* _Exercise details_: Print out the full material below, exact in every line, with no images included.

*** Block opens ***

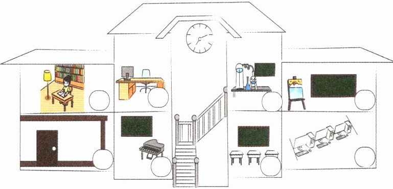 Lucy: No. It's a computer room. The music room is next to the toilet. This way, please.
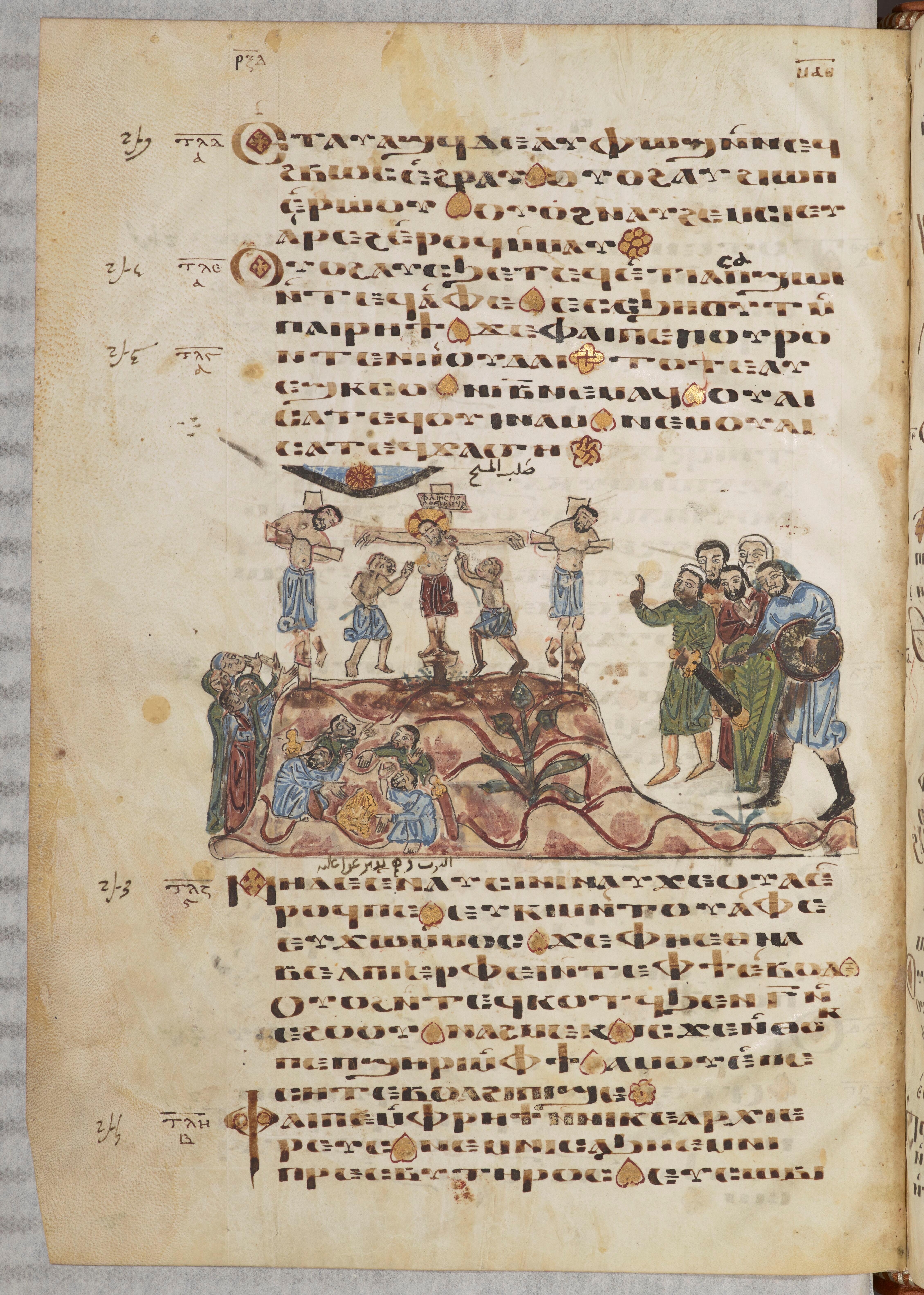 Tétraévangile copte, la Crucifixion, Paris, BnF, ms. Copte 13, f. 83v
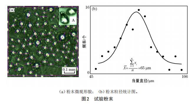 本文以不銹鋼316L(022Cr17Ni12Mo2)球粉為成形原料,顆粒直徑為45~106μm(如圖2所示)【316L不銹鋼的微觀組織:相鄰熔覆道之間的搭接良好。組織主要由胞狀晶和呈外延生長的柱狀晶組成,柱狀晶的取向各不相同。由于熔池邊界處粉末未熔化區域溫度較低,因此一部分晶粒沿著熔池邊界外延生長,同時在SLM過程中,熔池內部經歷快速冷卻,表面張力形成梯度,熔池內部存在“馬戈紊流”,熔池內發生對流,導致熔池內部散熱方向發生改變,因此,造成晶粒顯示出不同的生長方向。胞狀晶呈正六邊形,為柱狀晶的截面,柱狀晶晶粒十分細小,直徑分布在0.4~0.7μm。】,根據筆者已有的研究結果選擇合適的工藝,詮釋顆粒群的熔合線收縮和再結晶過程。由于試驗粉末顆粒直徑分布廣,為了建立粉末計算模型,用式(1)、(2)計算了顆粒群的當量直徑d和算術平均直徑d。
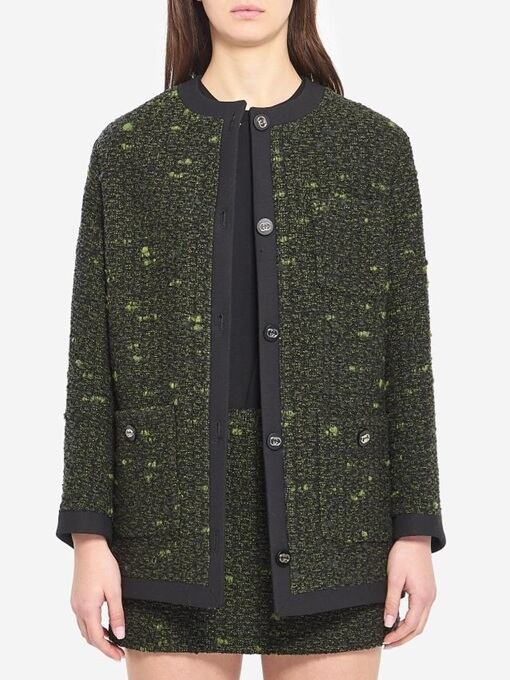 グリーンとブラックのブークレウールカーディガンジャケット。
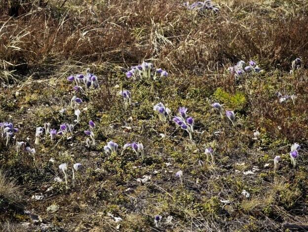Ранняя весна сдвинула сроки цветения прострелов (сон‑травы, Pulsatilla) в Ленинградской области почти на три недели. Крупные синие, фиолетовые или белые цветки этих растений — настоящее украшение апрельского леса, где в тенистых местах еще лежит снег.
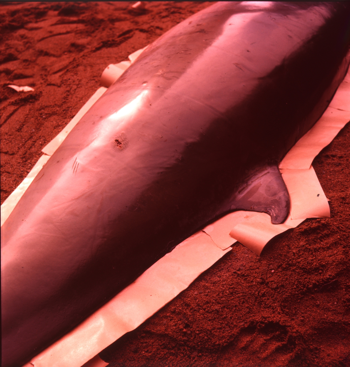 '2 näbbvalar, en gammal hona och en unge hittade, avgjutning gjord av ungen: :: :: Näbbvalen liggande på grusbädd på innergården, under arbetet med att göra avgjutningen. Närbild på del av kroppen. :: :: Ingår i serie med Fotonr. 4673:1-12.'
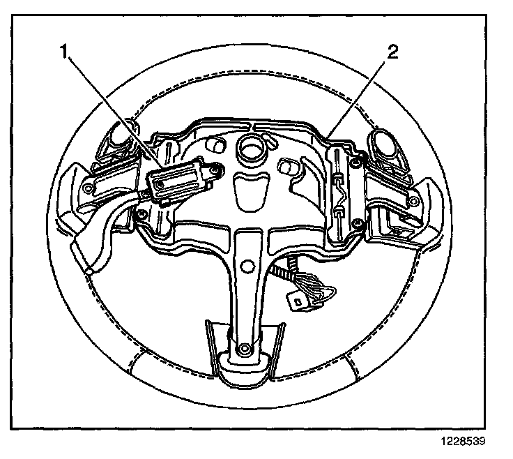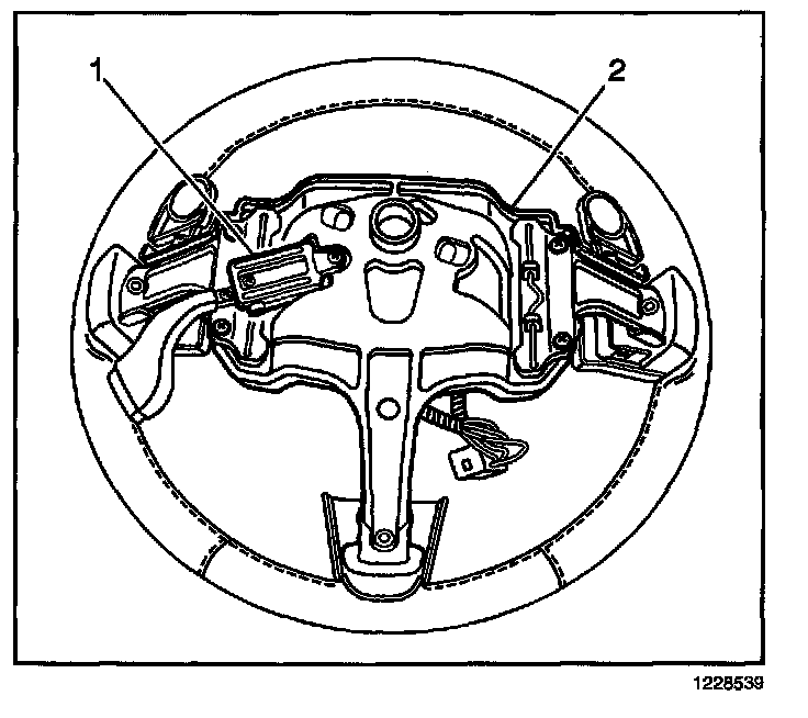 8. Remove the cruise control switch (1) from the steering wheel (2).
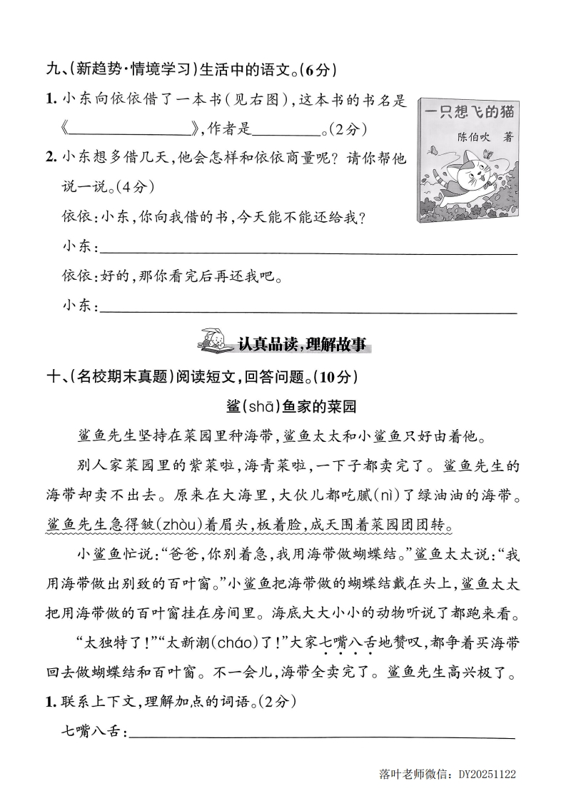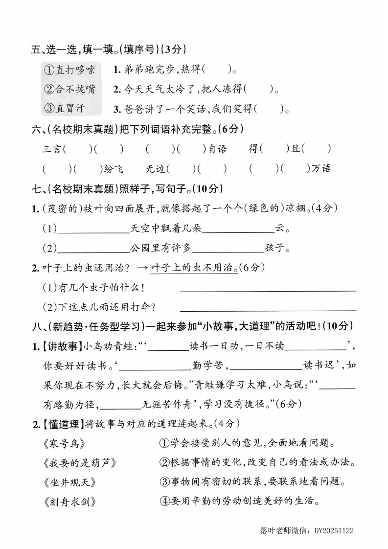 2025-2026学年二年级上册语文情境素养卷第五单元情境素养卷时间:40分钟满分:100分好的故事就像一颗灿烂的明珠,闪耀着智慧的光芒;它蕴含着深刻的孙弥道理,让人回味无穷。点滴积累,读懂故事一、用“V”为加点字选择正确的读音。(6分)1.救(jiùjiu)护车到达了赛(sàishi)场。2.当(dang dàng)狐狸发现自己上当(dangdang)时,已经太迟了。3.今天,寒号(háohào)鸟在崖缝外面做了一个记号(háohào),方便毁喜鹊过来找他。封二、看拼音,写词语。(20分)tian lianglindàhuazhòngdidizhidàohuidaguàixiǎngfhòu三、比一比,再组词。(8分)线观(抬(像(做(现(台(硒象(作(四、在括号内填上合适的词语。(6分)一()河一()杨树)的葫芦挤一()缝一()秋风()的天气落叶老师微信:DY20251122
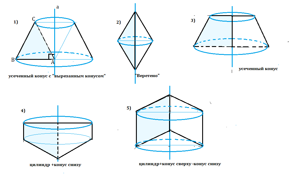 4) Тело, полученное вращением прямоугольной трапеции вокруг прямой содержащее большее основание
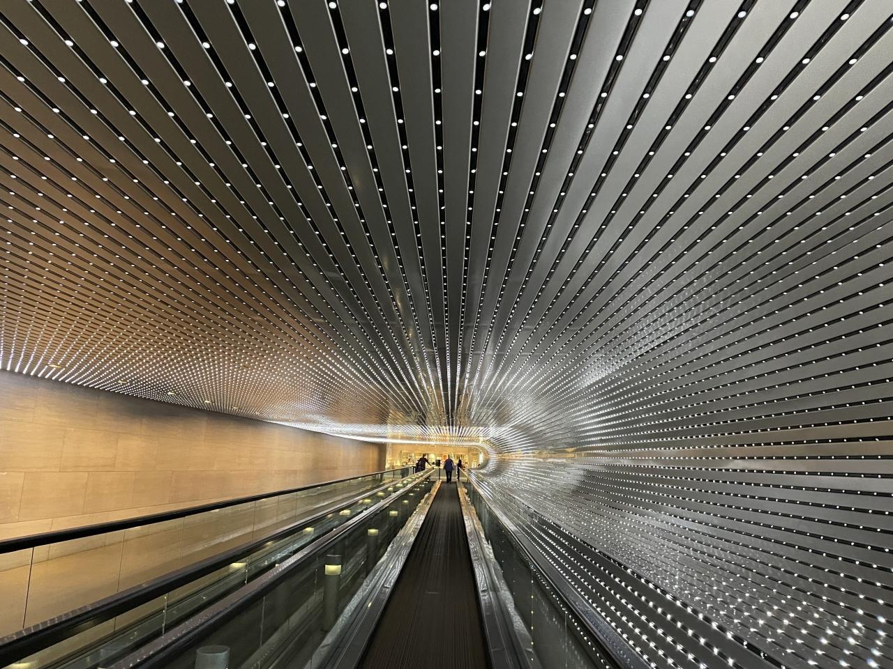 本館の西館からは地下の通路で繋がっています。この動く歩道で移動。照明がキラキラしていて未来にタイムスリップしていく感じです。

*** Block closes ***

* _Solution_:
 Lucy: No. It's a computer room. The music room is next to the toilet. This way, please.
 Tétraévangile copte, la Crucifixion, Paris, BnF, ms. Copte 13, f. 83v
 本文以不銹鋼316L(022Cr17Ni12Mo2)球粉為成形原料,顆粒直徑為45~106μm(如圖2所示)【316L不銹鋼的微觀組織:相鄰熔覆道之間的搭接良好。組織主要由胞狀晶和呈外延生長的柱狀晶組成,柱狀晶的取向各不相同。由于熔池邊界處粉末未熔化區域溫度較低,因此一部分晶粒沿著熔池邊界外延生長,同時在SLM過程中,熔池內部經歷快速冷卻,表面張力形成梯度,熔池內部存在“馬戈紊流”,熔池內發生對流,導致熔池內部散熱方向發生改變,因此,造成晶粒顯示出不同的生長方向。胞狀晶呈正六邊形,為柱狀晶的截面,柱狀晶晶粒十分細小,直徑分布在0.4~0.7μm。】,根據筆者已有的研究結果選擇合適的工藝,詮釋顆粒群的熔合線收縮和再結晶過程。由于試驗粉末顆粒直徑分布廣,為了建立粉末計算模型,用式(1)、(2)計算了顆粒群的當量直徑d和算術平均直徑d。
 グリーンとブラックのブークレウールカーディガンジャケット。
Ранняя весна сдвинула сроки цветения прострелов (сон‑травы, Pulsatilla) в Ленинградской области почти на три недели. Крупные синие, фиолетовые или белые цветки этих растений — настоящее украшение апрельского леса, где в тенистых местах еще лежит снег.
 '2 näbbvalar, en gammal hona och en unge hittade, avgjutning gjord av ungen: :: :: Näbbvalen liggande på grusbädd på innergården, under arbetet med att göra avgjutningen. Närbild på del av kroppen. :: :: Ingår i serie med Fotonr. 4673:1-12.'
 8. Remove the cruise control switch (1) from the steering wheel (2).
 2025-2026学年二年级上册语文情境素养卷第五单元情境素养卷时间:40分钟满分:100分好的故事就像一颗灿烂的明珠,闪耀着智慧的光芒;它蕴含着深刻的孙弥道理,让人回味无穷。点滴积累,读懂故事一、用“V”为加点字选择正确的读音。(6分)1.救(jiùjiu)护车到达了赛(sàishi)场。2.当(dang dàng)狐狸发现自己上当(dangdang)时,已经太迟了。3.今天,寒号(háohào)鸟在崖缝外面做了一个记号(háohào),方便毁喜鹊过来找他。封二、看拼音,写词语。(20分)tian lianglindàhuazhòngdidizhidàohuidaguàixiǎngfhòu三、比一比,再组词。(8分)线观(抬(像(做(现(台(硒象(作(四、在括号内填上合适的词语。(6分)一()河一()杨树)的葫芦挤一()缝一()秋风()的天气落叶老师微信:DY20251122
 4) Тело, полученное вращением прямоугольной трапеции вокруг прямой содержащее большее основание
 本館の西館からは地下の通路で繋がっています。この動く歩道で移動。照明がキラキラしていて未来にタイムスリップしていく感じです。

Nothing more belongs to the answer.